Why is this so important? Because, as the saying goes, if the slaughterhouses of the world were made of glass, we'd all be vegetarians. And the only thing that enables most people to shrug at America's descent into torture and other abusive and illegal practices is the fact that they don't have to see—and therefore acknowledge—what's actually happening.

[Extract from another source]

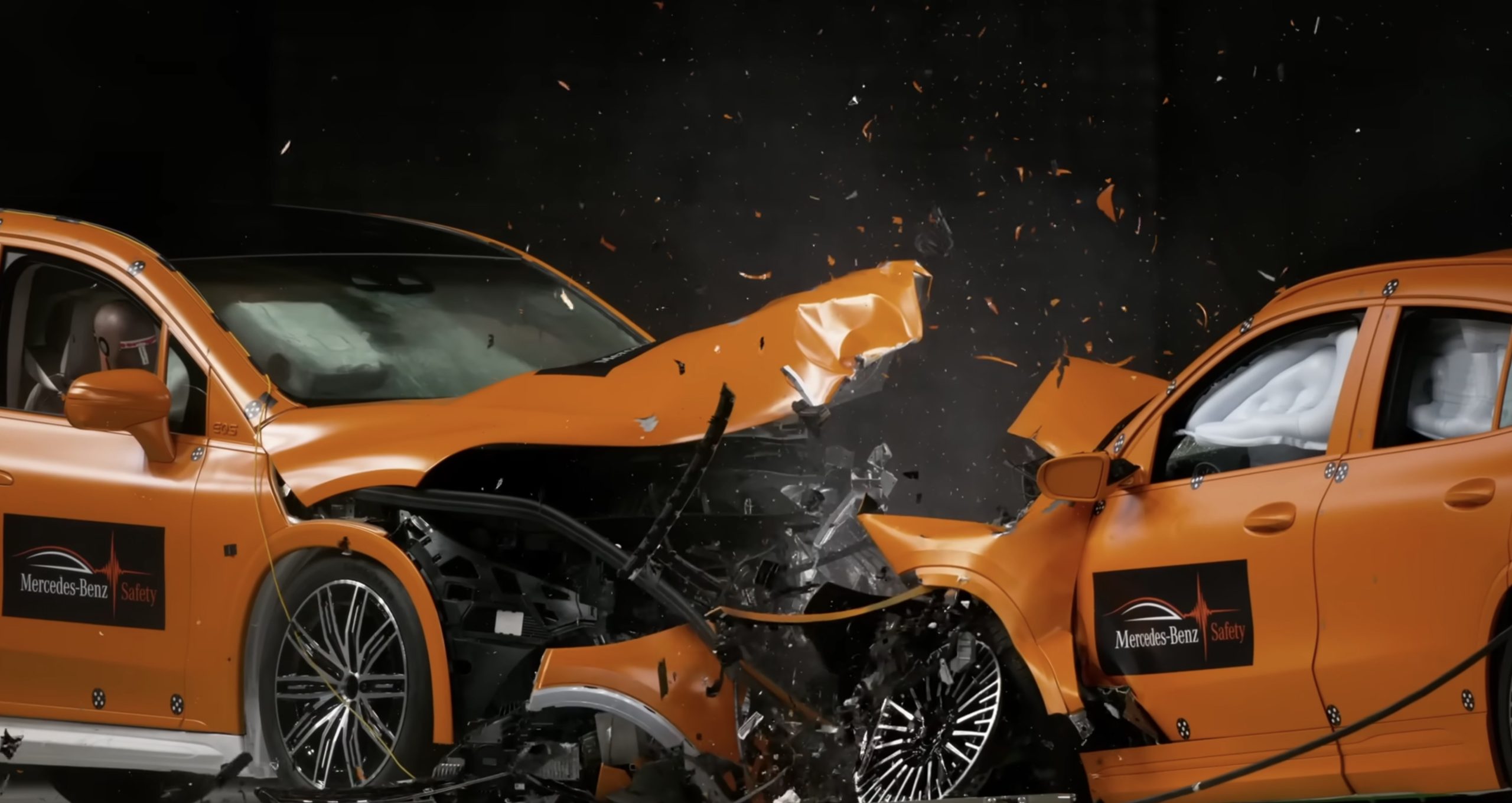 Mercedes-Benz โชว์การทดสอบการชนของรถยนต์ไฟฟ้า 2 คัน เพื่อพิสูจน์ด้านความปลอดภัยที่มอบให้กับผู้โดยสาร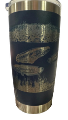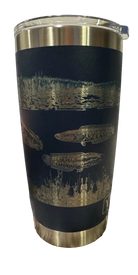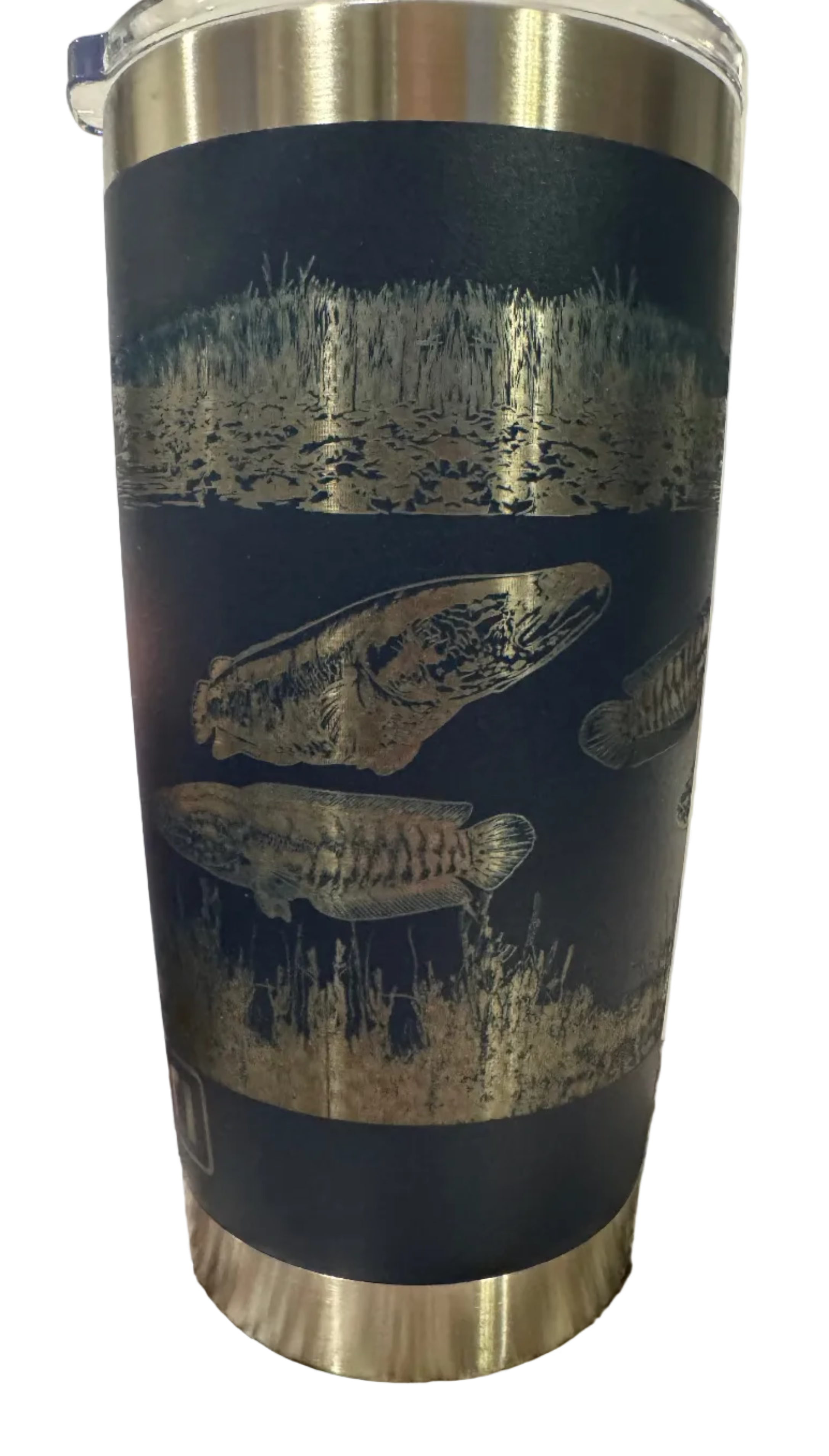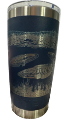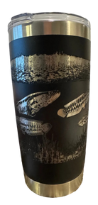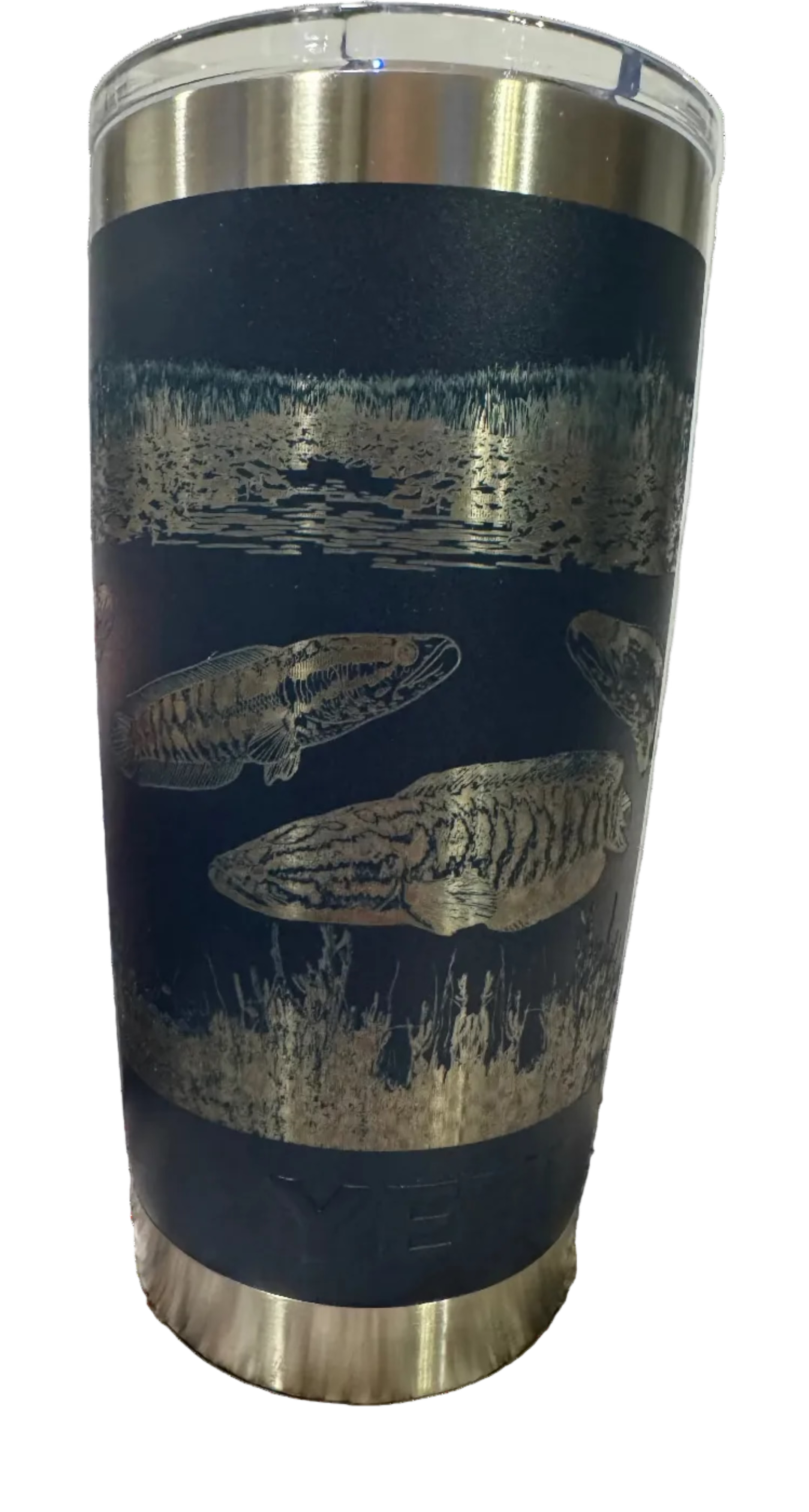 20oz Yeti Rambler Tumbler engraved with a wraparound Northern Snakehead underwater scene. From the grasses to the spatterdock lined reeds, this cup has everything we love about chasing these fish.

If it's true a picture's worth a thousand words, video is even more so. Imagine if there had been no Abu Ghraib photographs. There barely would have been a story, let alone an outcry, let alone reforms. This is why the CIA destroyed its interrogation videos. It's why the government works so hard to obscure what it's doing in our name—not just through secrecy, but with Orwellianisms like "enhanced interrogation techniques" (we borrowed that one from the Gestapo). They've even tried to paint the mass Guantanamo hunger strikes as "long-term non-religious fasts." If that doesn't set off your bullshit detector, it might be time to check to see if it's working at all.

It might not be a bad idea to ask whether a policy we can only be comfortable with by keeping it secret and obscuring it with strained euphemisms is such a great idea. Now that we'll be able to actually see what one such policy looks like, let's hope we'll be able to make some progress toward rediscovering our commitment to law, to morality, and to our own national security.